All of my friends question why we aren't together again and they always say 'if you're so unhappy why don't you just get back together' but the issue is, Liza is with someone else. It breaks me every single day and nobody except me knows about him, they've been dating for a month and a half, she looks happy. When she told me she was obviously nervous but I told her I was okay with it as long as she was happy and she told me she one hundred percent was. My heart was seriously breaking especially today but I know that Liza is happy and I have to deal with the fact that she isn't mine anymore.

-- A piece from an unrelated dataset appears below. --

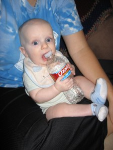 Wednesdays are my favorite. I get to hang out with a bunch of other mommies and swap notes on what Isaac and the other babies are doing, how we’re all feeling, how much sleep we are/are not getting, etc. It’s a lot of fun to watch all of the baby boys and see how they are all growing every week. It’s also a really nice break from sitting at home and nursing alone. Isaac and I also usually learn something new. Yesterday, we learned that plastic water bottles are tasty!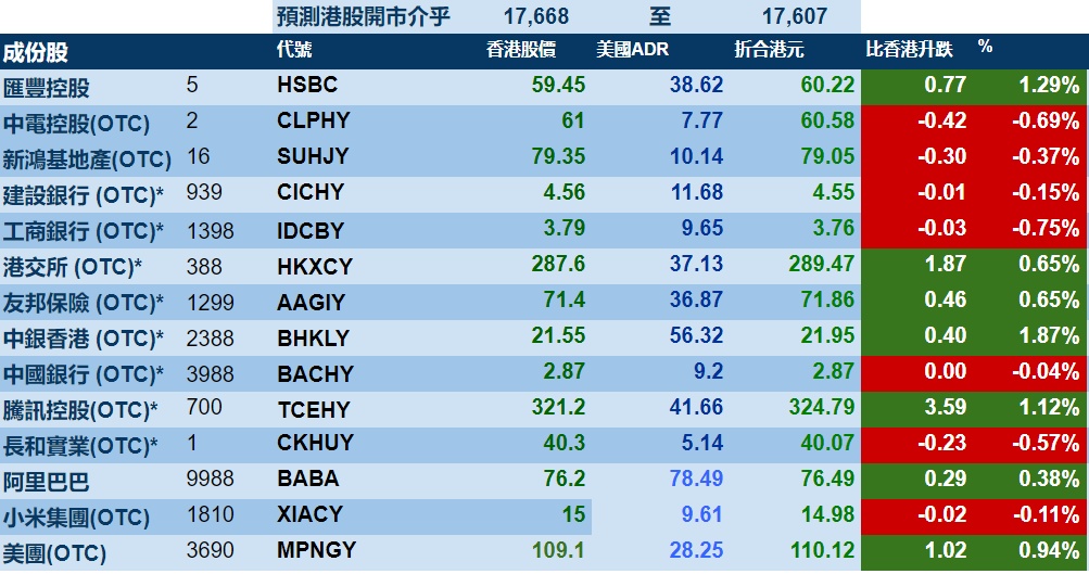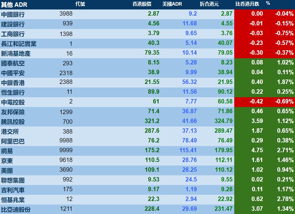 智通财经APP获悉,周五美股三大指数涨跌不一,港股ADR指数上涨,按比例计算,收报17668点,较香港收市涨108.56点或0.61%。

I heard a knock at the door, I went over and opened it up to reveal Liza "hi?" I almost questioned "hey" Liza said sadly "you okay?" I asked her stepping aside so she could come in "yeah, I'm okay just wanted to come and see my best friend" she said fake smiling, I let it go for now but We went through and sat on the couch, Natalie was out with some of her other friends tonight so we had the whole house. We talked for hours, it eventually got to 1 am, Liza was laying her head on a blanket across my lap. "Liza I know you're not okay, somethings off about you please tell me" I said to her "we broke up" she said, she sounded sad but she didn't sound sad for the right reason, it doesn't really make very much sense but I know Liza  inside and out and I know she's upset about something other than them breaking up "why?" I asked pulling her into a hug, she shrugged "Liza, tell me" I said knowing she was hiding something "he was just a little controlling, he tried to make me stop being friends with you and I could never do that" she said "you weren't happy with him?" I asked her "not as much as I thought i was, I think I was trying to hide my real feelings in another relationship" she said "which real feelings?" I asked "the ones for you" she said quietly, it made me smile and made me felt like my heart was doing flips inside my chest "I love you, I always will and I'll also always be here for you, even on what would have been out anniversary" I said, I didn't know if she remembered it was our anniversary but I also isn't want her to feel bad about it "we could make it our getting back together anniversary too, being in another relationship was horrible and it made me realise how much I only want you, I love you so so much" she said to me "I think that would be good, I love you so much too" I said smiling, we got closer and kissed. The first time in so long, I missed her kisses beyond words, we broke apart after about ten seconds and I smiled, the biggest smile since we got together the first time, "I'm yours David and I always want to be" she said to me "I love you so damn much" I said to her "ditto" she replied kissing me again. "I'm never letting you go again Liza Koshy" i said to her "I'm never going anywhere again" she replied. This may possibly be the best anniversary ever.

A/n
Another old one! These are getting worse and worse 😂
:)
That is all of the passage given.